An Invitation? [updated]

“Please attend our destruction of the World Trade Center on September 11, 2001. No RSVP needed, but looks of shock, disbelief and mourning are encouraged.”

Is that what Bush was waiting for? It must be because he said:

“There was nothing there that said, you know, ‘There’s an imminent attack,’ ” Bush said during a brief news conference with Egyptian President Hosni Mubarak. The Egyptian leader visited Bush’s Texas ranch to talk about the Middle East.

I don’t think 9/11 was the strictly the fault of the Bush administration, but I believe they did ignore a risk minimization strategy.

Bush’s quote is a perfect example of this. The Presidential Daily Briefing clearly said there was a threat of hijackings. Whether he felt it was imminent or not, tweaking our airline security procedures should have been a priority. It was not. Nor was the threat as unimaginable as this administration would have us believe. It seems that the order of the day with this administration was that an attack on America was not important to it. And that’s what makes me mad.

The President has been on a regular vacation since he took office. In fact, he was technically on vacation on 9/11 and went on vacation just after being presented with the PDB. Condi Rice’s testimony was an exercise in evasiveness.

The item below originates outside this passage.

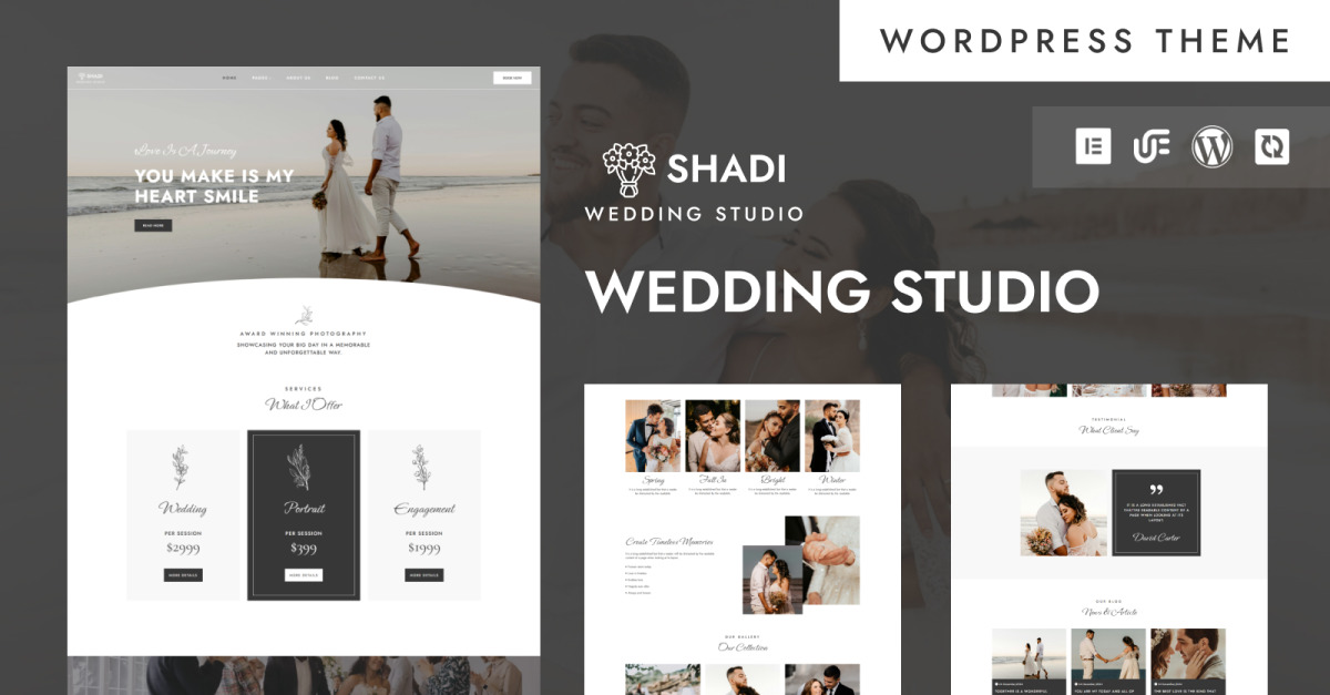 Shadi - Svatební studio, fotografie a videonahrávka WordPress Elementor Theme

This entire affair would be much less problematic if they had just come out said we got this memo, but believed that the overseas threat was more pressing because of the pattern involving the USS Cole, the embassy bombings in E. Africa, etc.. As a result they stepped up domestic surveillance and put threat reduction on a lower priority. It would have been a mea culpa but an understandable one. I actually think by admitting to mistakes early on, and explaining their reasoning, they would be in a much stronger position. Instead, they dissimulate and that makes me trust them less. Everything they say now sounds progressively more foolish and dishonest.

Update: Here’s a link to an op-ed from the Boston Globe that gives a better historical sense of what an invitation would look like. It correctly notes that Bush did not wait for a similar invitation to go into Iraq, and in fact Bush argued against waiting for such an invitation.